Сексуальность Юны была такой же чистой, как у той девочки, Оксаны, встретившейся мне при переезде сюда. И это было странно, потому что внучка Анжелы Александровны была старше, взрослей. И она была именно такой, какой я хотел бы видеть Лизу – слабой, незащищенной, интуитивно тебя понимающей. Такой, которую хочется оградить, сберечь и согреть, живущую эмоциями и окутывающую ими тебя. Такой, которая, получив внимание и заботу, преумножит полученное и замкнет вокруг обоих коконом, делающим внешний мир второстепенным.
Моему отцу посчастливилось найти такую, найти мою маму и дать ей эти эмоции. Лизу же я толком и не видел за ширмой макияжа и логичных поступков. После первого свидания – поцелуй, второе свидание – страстные объятья, третье началось сексом. Румянец, проступивший на щечках Юны, явно свидетельствовал о том, что она бы не стала считать свидания и планировать шаги. Эта девушка была чиста, но и по-взрывному опасна, как горючая смесь, от которой даже искры нужно держать подальше. Возможно, тогда на мои суждения повлияли полгода воздержания, но я не видел в них ничего предвзятого.
Мои сомнения по поводу того, подходим ли мы с Лизой друг другу, зародились ещё тогда, в парке, как только я нашел фигурку. С тех пор они уже давно переросли в глубокое понимание того, что мы друг другу не подходим. Тому прежнему дантисту, или стоматологу, Лиза была идеальной партией, но теперешнему полубеспризорному грузчику – была мелковата. И по возвращении домой мне нужно было бы как-то ей объяснить нашу несовместимость. Надеюсь, я смогу найти достаточно веские аргументы для разрыва отношений и минимально ранить своим решением. Но это было далекой неприятной перспективой, а здесь пока всё шло своим чередом.
Последний зуб мудрости радостно занял свое законное место где-то далеко, почти в горле, и воспаление прошло. Пора было собираться дальше в путь. Я оставил Валентину пропуск в библиотеку возле его кровати и пошел на рынок предупредить, что больше не выйду на работу.
– Что, собрал все нужные секретные сведения? – спросила всегда весёлая рыночная толстуха, явно оберегающая меня от самых грязных и тяжелых работ.

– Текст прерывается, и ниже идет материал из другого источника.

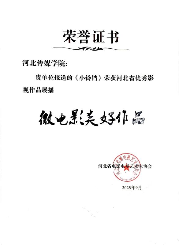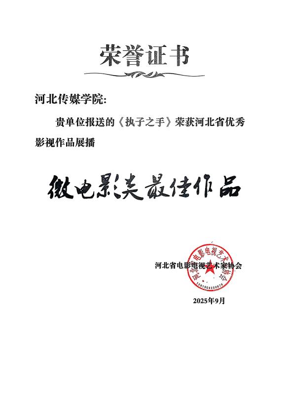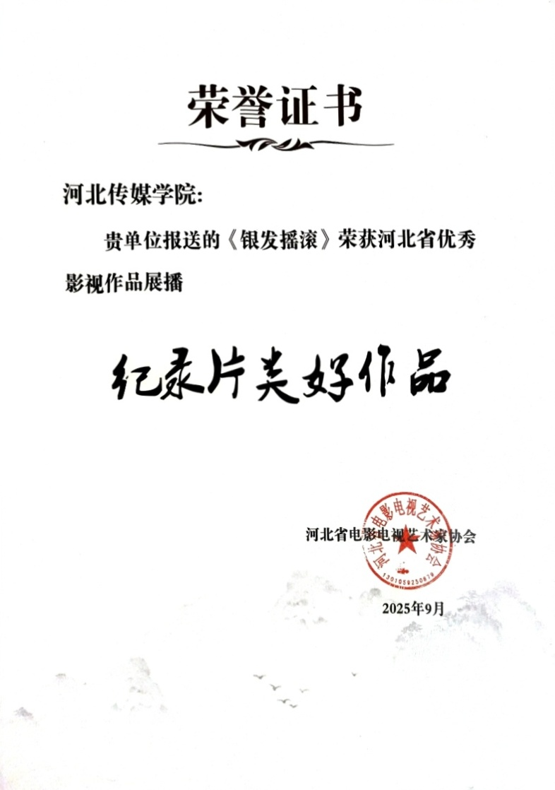 9月28日,“丛台之光 影响未来”河北省优秀影视作品暨第九届邯郸市优秀影视作品展播推介活动在邯郸新闻传媒中心演播厅圆满落幕。在此次评选中,河北传媒学院影视艺术学院报送的作品荣膺三项大奖,微电影 《执子之手》 荣获微电影类最佳作品奖,微电影 《小铃铛》 荣获微电影类好作品奖,纪录片《银发摇滚》荣获纪录片类好作品奖。其中《执子之手》与《小铃铛》作为我校精品短视频扶持项目,已在国内多项赛事中斩获奖项。
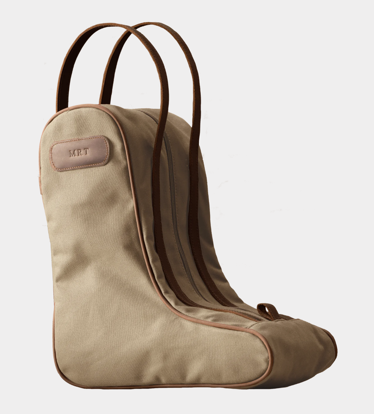 The JH Boot Bag is the ultimate solution for storing & transporting your favorite boots. Designed with convenience in mind, this boot bag features a spacious main compartment that comfortably fits a pair of boots up to a size 14. Cotton Canvas with Oiled Leather trim. Also comes in Coated Canvas

– Какие ещё сведенья?! – удивился я.
– Ох мальчишка! Неужели ты думаешь, что грязные руки или тяжелая работа скрывают твое происхождение? Люди говорят, ты детдомовский, диковатый, но осанка, взгляд и манера двигаться никогда не соврут. Тебе даже кличку на рынке дали – Джон Ланкастер.
– Джон Ланкастер! Что это значит? – немного в смятении спросил я.

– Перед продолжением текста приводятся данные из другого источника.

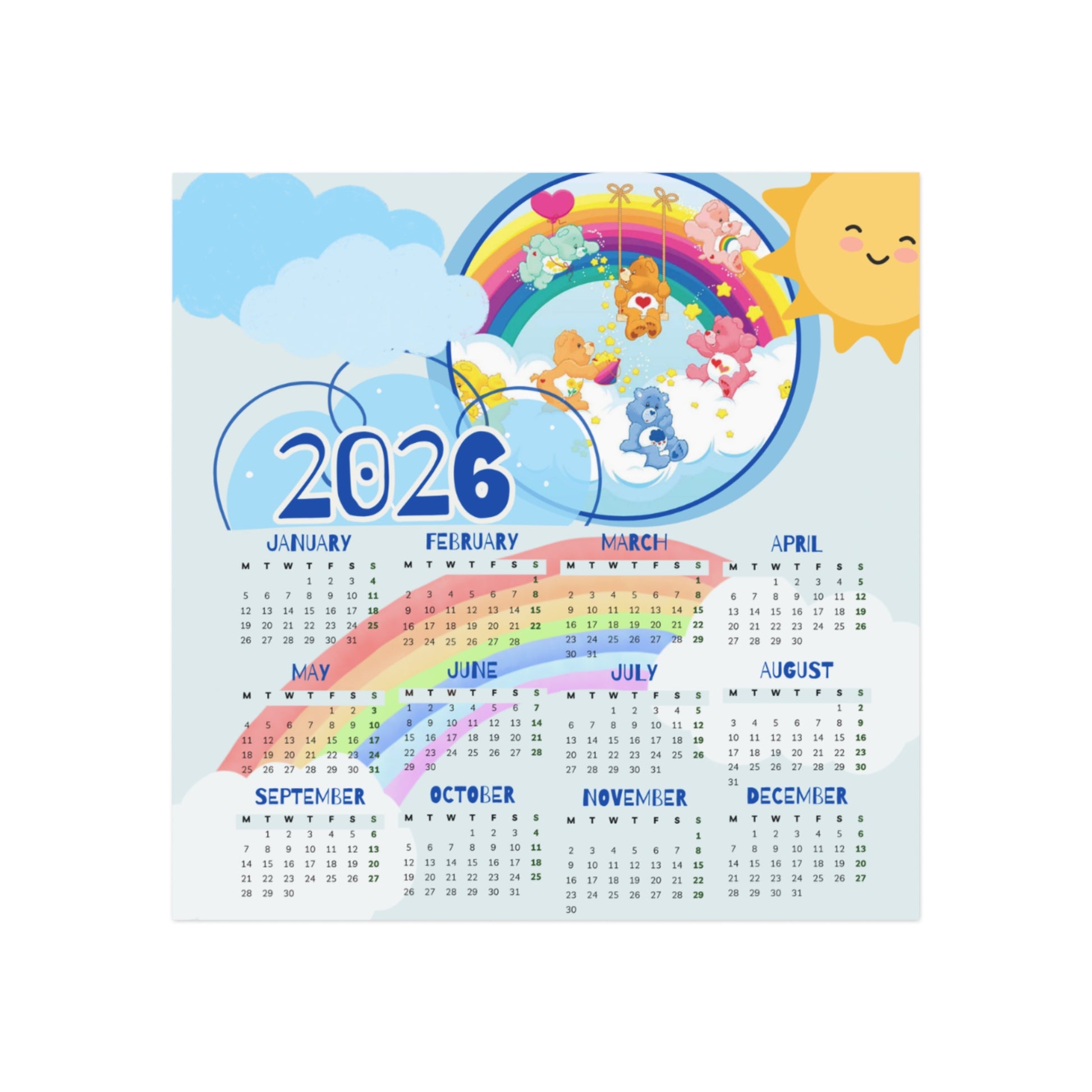 Brighten your space with the Rainbow Bears 2026 magnet calendar, inspired by cheerful clouds, pastel rainbows, and cozy character silhouettes. This gentle design brings a touch of childhood joy and soft organization to your fridge, desk, or locker.
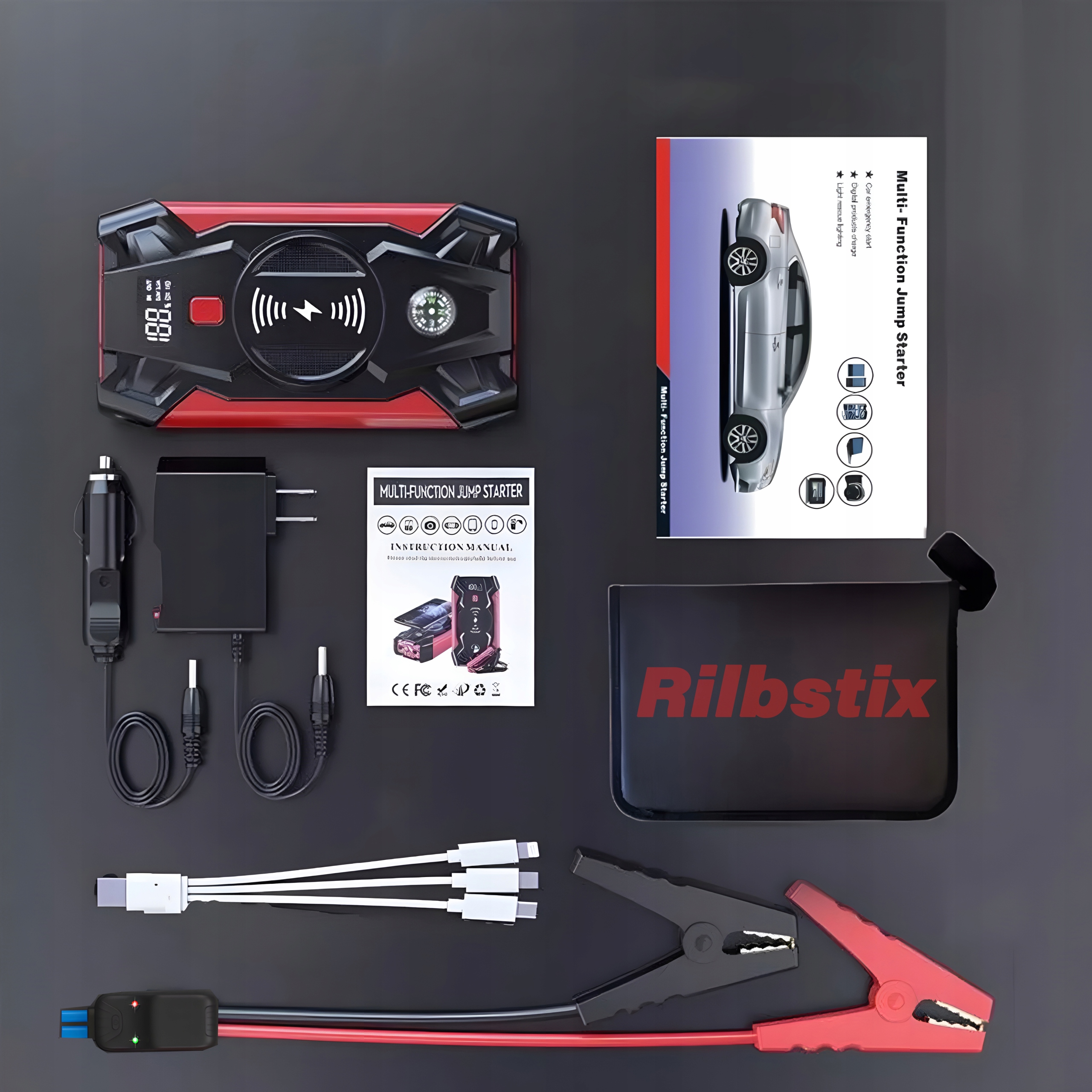 Набір із пусковим пристроєм містить майжевсі необхідні кабелі та аксесуари. Перемичні кабелі, автомобільні та настінні зарядні пристрої, а також кабель живлення для телефону, ноутбука, планшета, камери, mp3/mp4-плеєра та інших електронних аксесуарів.

– В том-то и дело, что человек нашего круга понял бы хохму про шпиона Джона Ланкастера из песни, но только не ты. Я сперва насторожилась на твой счёт, но по усердному труду и глупости вопросов поняла, что ты хороший парень. Надеюсь, у тебя всё будет хорошо.

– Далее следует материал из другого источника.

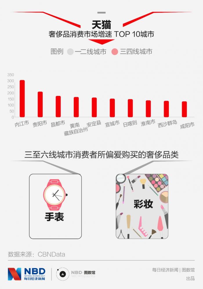 据《2017年新零售时代奢侈品消费趋势报告》显示,奢侈品市场中各县级城市消费者的件单价逐年增长,三至六线城市消费者购买奢侈品的件单价在2015年已超过一二线城市,线上奢侈品消费增速前10位城市也几乎均为三至六线城市。
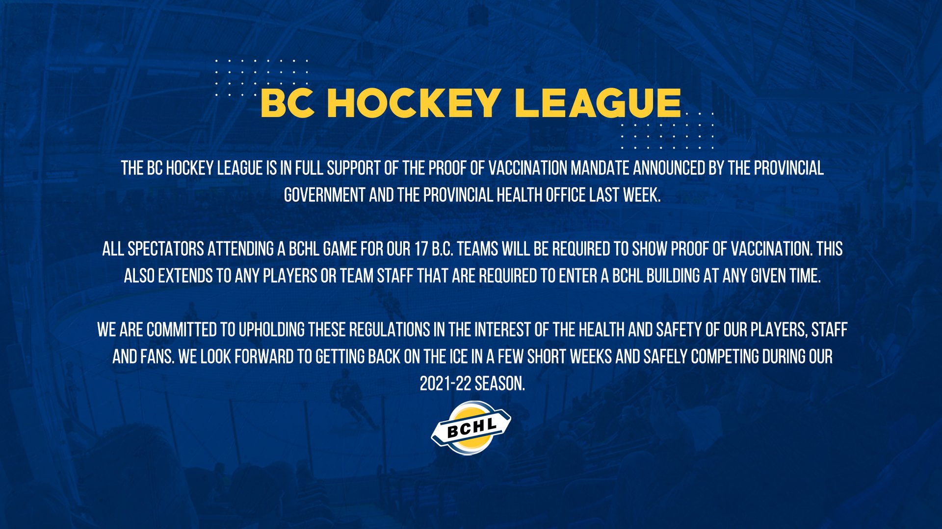 The British Columbia Hockey League announced on Twitter Tuesday that it is in support of the provincial health officer’s plan to have attendees provide a proof of COVID-19 vaccination.

– Извините за недоговорки, я всего-то изучаю возможность человека адаптироваться в абсолютно не свойственной ему среде.
– Адаптироваться в несвойственной среде! – прям взвизгнула она от восторга. – Наконец-то ты заговорил на своем языке, по крайней мере, по смыслу своёму. Это ведь не твой родной язык?
– Нет, – скромно подтвердил я
– И я скажу тебе, парень, ты просто красавчик. Когда ты устраивался сюда, то ничего не понимал и не мог связать и двух слов на местном, а сейчас прошло пару недель, и ты уже щебечешь как соловей. У нас всякая бестолочь годами не может перейти на общепринятый язык.
– Я старался, узнавать языки очень интересно. Извините, что недоговаривал.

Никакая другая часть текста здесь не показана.